The posts that are losing citation share in AI Overviews and Perplexity are not losing because they were produced by AI. They are losing because they are generic. They have no specific expertise, no opinionated take, no content that only a person with real experience in the field could have produced. Fix that, and the detector score follows as a natural consequence.
Exception 1: Clients who require human-written certification. Some agencies and content clients now include human-written certification requirements in contracts. If you are producing content for clients, understand whether this requirement applies and what it means in practice. Originality.ai is the most commonly specified tool in these requirements. Produce content using the process above and it will meet the standard.
Exception 2: Certain publications. Some publications — particularly tier-one news outlets and certain industry journals — have explicit AI content policies. If you are pitching or contributing to these outlets, verify their policies. The guidance is the same: produce content that reflects genuine expertise and specific knowledge, and you will meet the policy regardless of the production method.
For everyone else running content marketing for their own properties: stop thinking about detectors and start thinking about whether your content is the best available answer to the question it is trying to answer. That is the standard that matters.
Frequently asked questions
Do AI detectors actually work on marketing content?
AI detectors are accurate enough to matter but not accurate enough to be definitive. Tools like Originality.ai and GPTZero correctly identify heavily AI-generated content about 80-90% of the time, but produce significant false positives on human content that is highly structured (like marketing copy) and miss AI content that has been extensively edited. The practical implication: if your content is well-edited with specific examples and a clear voice, most detectors will not flag it.

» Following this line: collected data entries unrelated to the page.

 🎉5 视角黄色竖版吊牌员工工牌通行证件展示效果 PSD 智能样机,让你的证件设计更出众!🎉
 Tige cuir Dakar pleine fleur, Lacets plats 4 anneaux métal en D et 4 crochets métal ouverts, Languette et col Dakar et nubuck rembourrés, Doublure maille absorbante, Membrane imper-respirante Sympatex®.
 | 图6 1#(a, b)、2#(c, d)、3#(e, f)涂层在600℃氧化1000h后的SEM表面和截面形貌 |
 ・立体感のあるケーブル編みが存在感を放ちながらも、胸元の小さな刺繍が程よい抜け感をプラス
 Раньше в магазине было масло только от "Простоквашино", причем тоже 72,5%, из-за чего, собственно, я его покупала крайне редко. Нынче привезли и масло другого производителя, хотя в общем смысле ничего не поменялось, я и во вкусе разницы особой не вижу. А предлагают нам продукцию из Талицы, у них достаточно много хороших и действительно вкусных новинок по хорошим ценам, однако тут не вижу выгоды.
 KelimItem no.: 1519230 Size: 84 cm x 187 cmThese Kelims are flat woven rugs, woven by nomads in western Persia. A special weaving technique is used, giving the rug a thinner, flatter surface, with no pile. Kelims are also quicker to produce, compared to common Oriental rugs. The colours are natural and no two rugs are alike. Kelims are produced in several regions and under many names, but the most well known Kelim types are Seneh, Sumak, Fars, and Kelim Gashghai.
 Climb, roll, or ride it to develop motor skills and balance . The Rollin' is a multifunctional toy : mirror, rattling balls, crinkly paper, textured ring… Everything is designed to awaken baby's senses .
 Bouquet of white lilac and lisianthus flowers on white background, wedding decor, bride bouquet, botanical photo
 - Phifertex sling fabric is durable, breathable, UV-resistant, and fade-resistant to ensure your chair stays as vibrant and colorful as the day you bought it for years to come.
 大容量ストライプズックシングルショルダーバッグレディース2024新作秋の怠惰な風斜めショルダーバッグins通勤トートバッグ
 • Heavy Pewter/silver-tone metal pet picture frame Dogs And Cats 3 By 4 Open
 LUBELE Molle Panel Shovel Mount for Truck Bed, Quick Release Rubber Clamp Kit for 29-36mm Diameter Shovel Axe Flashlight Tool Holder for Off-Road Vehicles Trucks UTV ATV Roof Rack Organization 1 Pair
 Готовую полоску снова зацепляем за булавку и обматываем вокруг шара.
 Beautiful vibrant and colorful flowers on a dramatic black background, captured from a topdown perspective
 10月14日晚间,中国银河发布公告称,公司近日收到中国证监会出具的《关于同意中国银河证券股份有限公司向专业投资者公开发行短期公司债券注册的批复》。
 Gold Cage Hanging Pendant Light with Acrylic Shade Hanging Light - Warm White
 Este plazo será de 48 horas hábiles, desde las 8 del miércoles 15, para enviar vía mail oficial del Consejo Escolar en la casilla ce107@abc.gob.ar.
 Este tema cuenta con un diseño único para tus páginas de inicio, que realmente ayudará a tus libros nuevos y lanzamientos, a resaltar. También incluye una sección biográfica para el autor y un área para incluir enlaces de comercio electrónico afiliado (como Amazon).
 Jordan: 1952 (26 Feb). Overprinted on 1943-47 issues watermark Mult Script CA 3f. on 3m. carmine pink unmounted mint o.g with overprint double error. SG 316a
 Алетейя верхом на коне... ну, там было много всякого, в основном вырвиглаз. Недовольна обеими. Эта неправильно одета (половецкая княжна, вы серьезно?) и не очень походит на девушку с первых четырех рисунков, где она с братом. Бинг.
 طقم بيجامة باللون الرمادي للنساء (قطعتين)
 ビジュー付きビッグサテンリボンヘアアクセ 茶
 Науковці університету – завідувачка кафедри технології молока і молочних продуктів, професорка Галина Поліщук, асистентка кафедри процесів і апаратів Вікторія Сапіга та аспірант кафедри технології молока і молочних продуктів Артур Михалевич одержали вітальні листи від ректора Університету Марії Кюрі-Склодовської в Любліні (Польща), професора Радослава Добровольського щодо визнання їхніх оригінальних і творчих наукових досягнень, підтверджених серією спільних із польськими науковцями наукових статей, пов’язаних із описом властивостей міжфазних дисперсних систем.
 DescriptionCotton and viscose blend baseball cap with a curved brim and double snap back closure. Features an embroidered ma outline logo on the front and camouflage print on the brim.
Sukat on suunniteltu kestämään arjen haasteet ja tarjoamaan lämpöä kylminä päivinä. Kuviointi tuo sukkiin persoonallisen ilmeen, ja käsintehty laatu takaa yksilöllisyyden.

What do AI detectors look for in marketing content?
AI detectors primarily flag three patterns: uniform sentence length and structure (AI output tends toward consistent medium-length sentences), lack of specific named examples and statistics (AI generates plausible but vague claims), and absence of idiosyncratic word choices (human writers have quirks; AI is statistically average). Secondary signals include high perplexity scores (predictable word choices) and burstiness patterns (humans write in varied rhythms; AI writes more uniformly).
Should marketers care about AI detectors?
Marketers should care less about detectors and more about output quality. AI detectors are a proxy measurement for what readers and AI search engines actually penalize: generic content without specific voice, examples, or expertise. The posts losing citation share in 2026 are losing it because they are low quality and interchangeable, not because they were produced by AI. Fix the quality and the detector score follows. Optimizing for detector scores while ignoring quality gets you content that passes the test but still fails the reader.
How do I make AI-written content pass detectors?
Four specific techniques: vary sentence length deliberately (short punchy sentences + longer explanatory ones), add first-person experience markers that AI cannot fabricate, include specific named statistics with sources, and read the draft aloud and rewrite anything you would not say conversationally. But the real answer is: do not write content to pass a detector. Write content that a real human would find genuinely useful, and it will pass naturally.
What is the best AI detector for marketing content?
Originality.ai is the most accurate AI detector for longer-form marketing content and is the tool most likely to be used by clients or editors evaluating your work. GPTZero is widely used in educational contexts but less accurate on marketing copy. Copyleaks has a marketing-specific version worth testing. For self-auditing your own AI-assisted content, Originality.ai is the most reliable benchmark — but use it to improve quality, not to optimize for the detector score itself.